11. Backlog of retention bets (quarterly)
For {product} with current retention curve {paste}, produce a backlog of 12 retention experiments for next quarter. For each: hypothesis, target metric (D1/D7/D30), estimated effort (S/M/L), expected lift (small/medium/large). Sort by impact / effort.
12. Email-based retention test
Design an email-based retention experiment for {product}: (1) trigger condition (e.g., 3 days since last login), (2) email variants (control = no email, variant A = soft nudge, variant B = personalized recommendation), (3) success metric (return rate within 7 days), (4) sample size, (5) what would invalidate the result.
13. “Kill the feature” retention test
We suspect {feature} is hurting retention. Design a counter-test: for a random 5% of users, hide the feature entirely. Measure D7 / D14 retention vs control. Define the threshold at which we kill the feature for everyone.
14. Retention curve diagnostic
Below is our retention curve (D0 to D60). Diagnose: where does the steepest drop happen, what behavior change correlates with the cliff, what segment is most affected. Recommend the next experiment to test the diagnosis.
Curve: {paste}
15. Multi-experiment dependency mapper
We have 5 retention experiments in flight. Identify: which can run in parallel safely, which contaminate each other, which require sequencing. Output a dependency graph and a recommended schedule for the next 8 weeks.
Experiments: {paste}
Common mistakes
- Bundling 3+ changes in one experiment — cannot tell what caused the lift.

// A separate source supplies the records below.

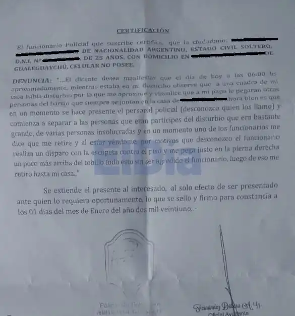 Un conflicto entre vecinos terminó con un herido de bala de goma y un policía denunciado
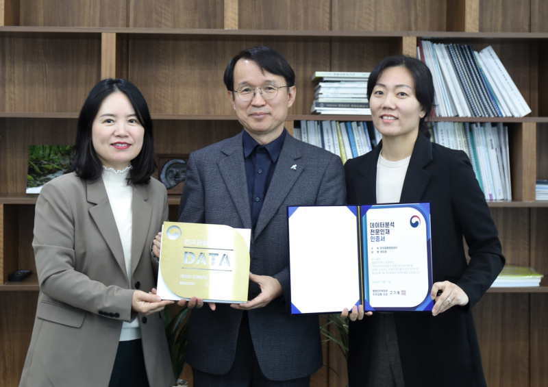 행정안전부에서 데이터 분석 기획‧수행 능력을 갖춘 공공분야 전문인재 양성을 위해 ‘데이터분석 전문인재 양성과정’을 실시했다. 이에 KOMIR도 선정되어 데이터 처리, AI모델링 등 심화과정을 5개월 간 이수하고 전문가위원회의 최종 인증평가를 통과하여 ‘데이터 인재양성 선도기관’으로 인증을 획득했다.
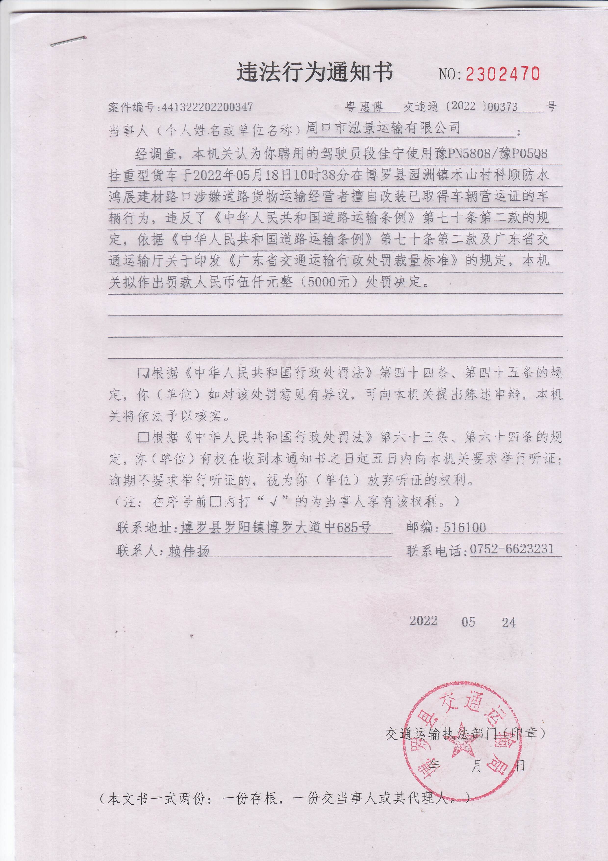經本機關依法查明,認為你公司聘用的駕駛員段佳寧使用豫PN5808/豫P05Q8掛重型貨車于2022年05月18日10時38分在博羅縣園洲鎮禾山村科順防水鴻展建材路口涉嫌道路貨物運輸經營者擅自改裝已取得車輛營運證的車輛行為,違反了《中華人民共和國道路運輸條例》第七十條第二款的規定,依據《中華人民共和國道路運輸條例》第七十條第二款及廣東省交通運輸廳關于印發《廣東省交通運輸行政處罰裁量標準》的規定,本機關擬作出罰款人民幣伍仟元整(5000元)處罰決定。因其他法定方式無法送達,現依法向你單位公告送達《違法行為通知書》(惠博交字【2022】00373號),自公告之日起30日內來我局(博羅縣羅陽街道辦事處博羅大道中685號)簽收,逾期視為送達。
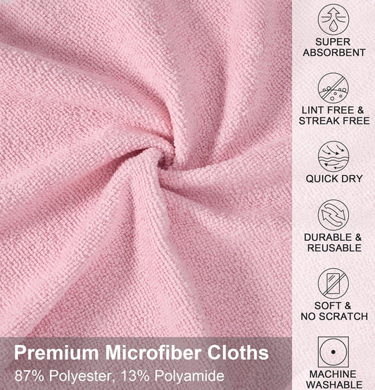 Pink Reusable Microfiber Cleaning Cloths 12x12 Inch 50 Pack
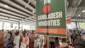 இதற்கிடையே, தேச துரோக வழக்கில் சின்மோய் தாஸ் கைது செய்யப்பட்டிருப்பது வங்கதேச இந்துக்களிடம் கொந்தளிப்பை ஏற்படுத்தி உள்ளது. அவரை விடுதலை செய்ய வலியுறுத்தி போராட்டம் நடந்து வருகிறது.
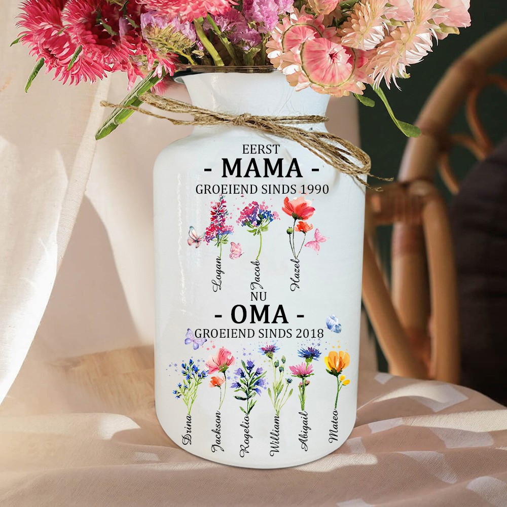 Gepersonaliseerde eerste mama, nu oma geboortebloem, familievaas met namen van kleinkinderen, uniek cadeau voor binnen voor mama, oma, Moederdag cadeau-ideeën
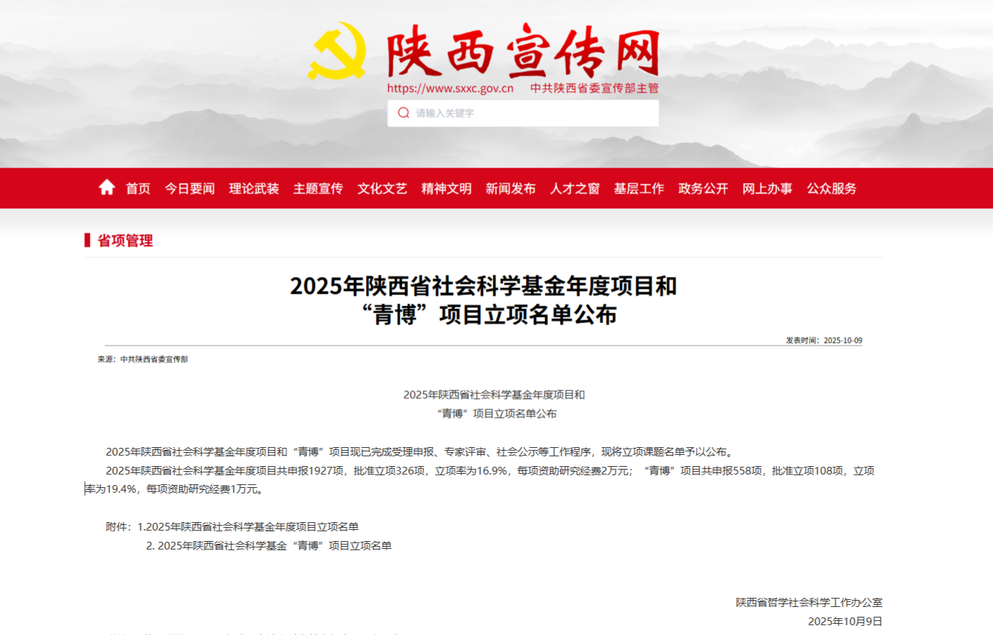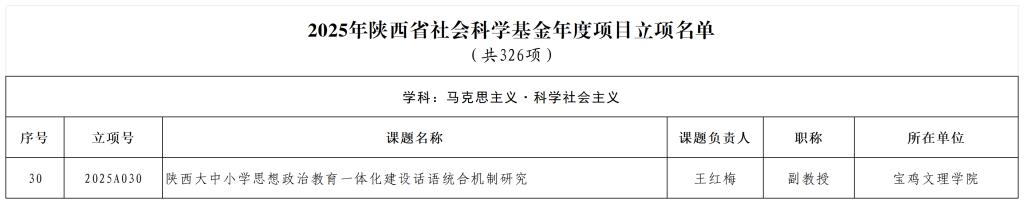 近日,陕西省哲学社会科学工作办公室公布了《2025年陕西省社会科学基金年度项目和“青博”项目立项名单》,公司王红梅副教授申报的课题《陕西大中小学思想政治教育一体化建设话语统合机制研究》获准立项。
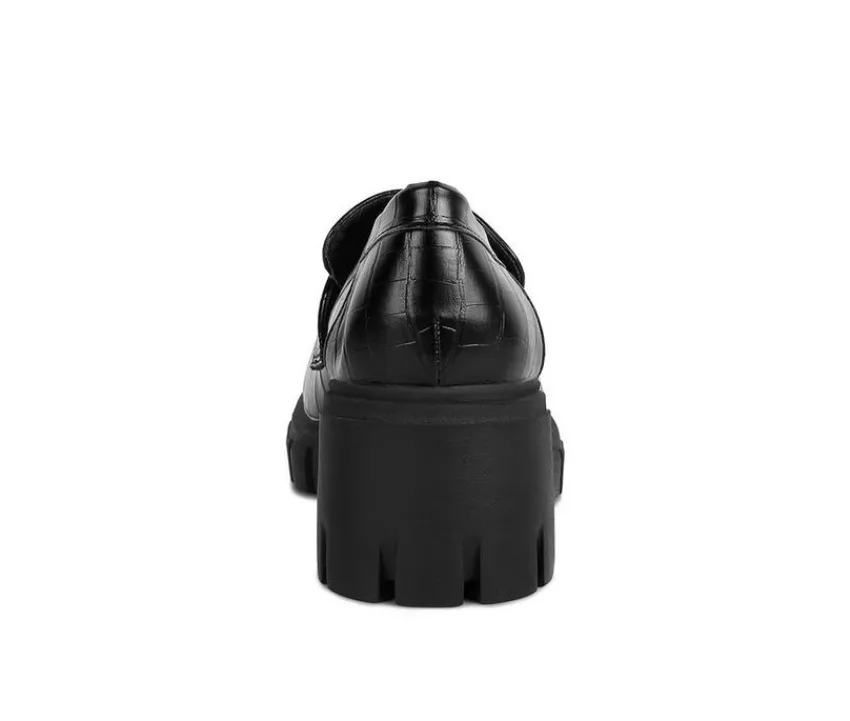 The chunky loafers are fun, quirky, and stylish with the chunky lug soles and platform detail. The croc print looks fashionable while the soft cushioned insoles cut strain. The chunky loafers are a must-have this season.
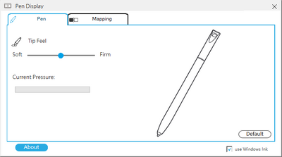 - Select the Pen tab to adjust Tip Feel and check the Current Pressure.
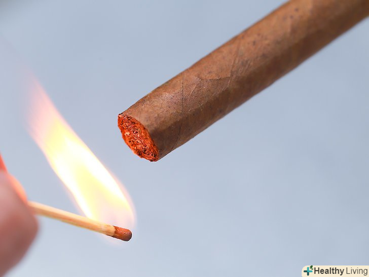 Тримайте сигару пальцями у вогні під кутом 45 градусів і злегка повертайте (або над вогнем, якщо не використовуєте дерев'яні сірники або бутанову запальничку), роблячи короткі вдихи, поки кінчик сигари не стане вишневого кольору.ви можете подути на кінчик сигари, щоб перевірити, чи рівномірно ви запалили її.
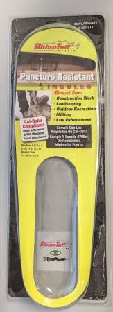 Flexible stainless steel plate protects from accidental puncture wounds. Molded design with heel cup and arch support offers all day support and comfort. Fabric cover wicks away moisture. Used with work shoes and boots.
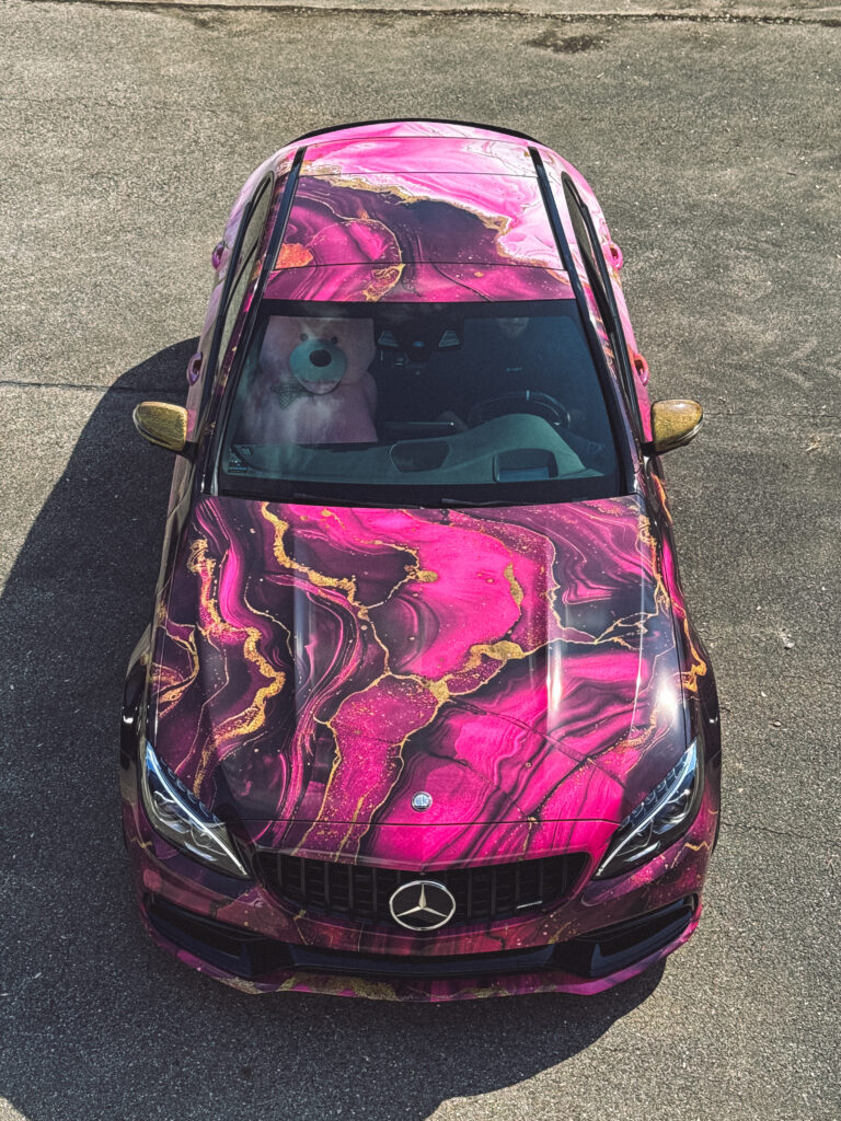 Für dieses Projekt kam der Mercedes C63 von ich.tina aus Passau zu uns, der bereits foliert war. Allerdings entsprach die vorhandene Digitaldruck Folierung weder optisch noch qualitativ dem, was man sich bei so einem Fahrzeug wünscht.
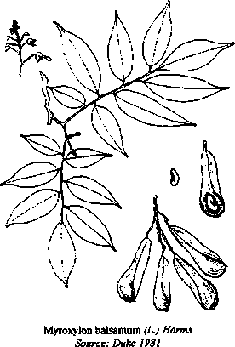 Myroxylon balsamum (L.) Harms (family Legununosae, subfamily Papilionoideae) grows to 34 m in height and 1 m in diameter. The bark is generally gray and spotted with yellow rough areas. The 3-11 leaves are alternate, evergreen and oddly pinnate, 6-9 cm long and 3-4 cm wide (Duke 1981), and have scattered, translucent, glandular oil dots or lines (Allen and Allen 1981). Flowers are whitish, and the corolla contains 5 petals (Fuentes, 1993). The winged pod is 8-13 cm long and 2.5 cm broad and contains one seed at the tip (Duke 1981).
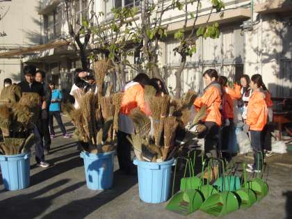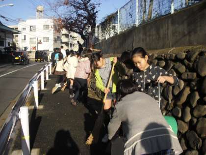 多聞小の6年生、教職員と、学校の周りを一緒に掃除しました。
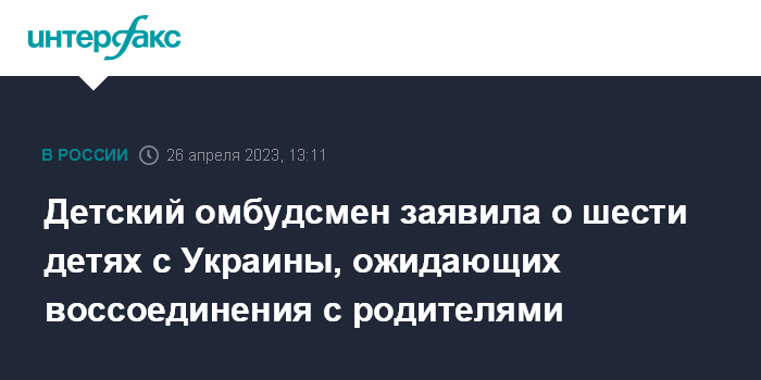 Москва. 26 апреля. INTERFAX.RU - В Крыму остаются шесть украинских детей, вывезенных из зоны проведения СВО, которые ждут воссоединения со своими семьями, сообщила в среду уполномоченный при президенте по правам ребенка Мария Львова-Белова.

- Calling a 1-point lift a “win” without checking statistical significance.
- Forgetting guardrails — improving D1 while spiking opt-out rate is a loss.
- Cohort window too short — D30 tests need 6+ weeks, no shortcuts.
- Mixing new-user and existing-user cohorts in the same readout.
- Ignoring novelty effects — a 4-week test can hide that the lift faded by week 6.
- Acting on a single experiment instead of replicating the result.
How to push results further
- Always state the hypothesis as “if X, then Y by Z%, because W” before launching.
- Reserve at least 30% of users as never-touched control to detect cross-experiment contamination.
- Read out experiments with confidence intervals, not just point estimates.
- Pair every experiment with a kill criterion — without it, runs go on forever.
- Replicate any “win” on a fresh cohort before shipping to 100%.
- Pre-define your minimum detectable effect; deciding after the fact is statistical cheating.
- Track cumulative learnings in a /retention-experiments doc — most teams forget what they tested last quarter.
FAQ
- How big a sample do I need?: Depends on the baseline rate and minimum detectable effect. Common rule: 1,000+ per arm for a 5-point lift on a 40% base rate.
- Can I run multiple retention tests at once?: Only if they target different surfaces and you randomize across both. Use template 15 to map dependencies.
- D7 or D30 — which matters more?: D7 predicts D30 once you cross product-market fit. Before that, D1 is the most useful test.
- How do I tell novelty effects from real lifts?: Extend the test 2x your original duration; if the lift fades, it was novelty.
- What if my sample is too small?: Either combine cohorts over time (risky for changing products) or pre-commit to a directional read with caveats.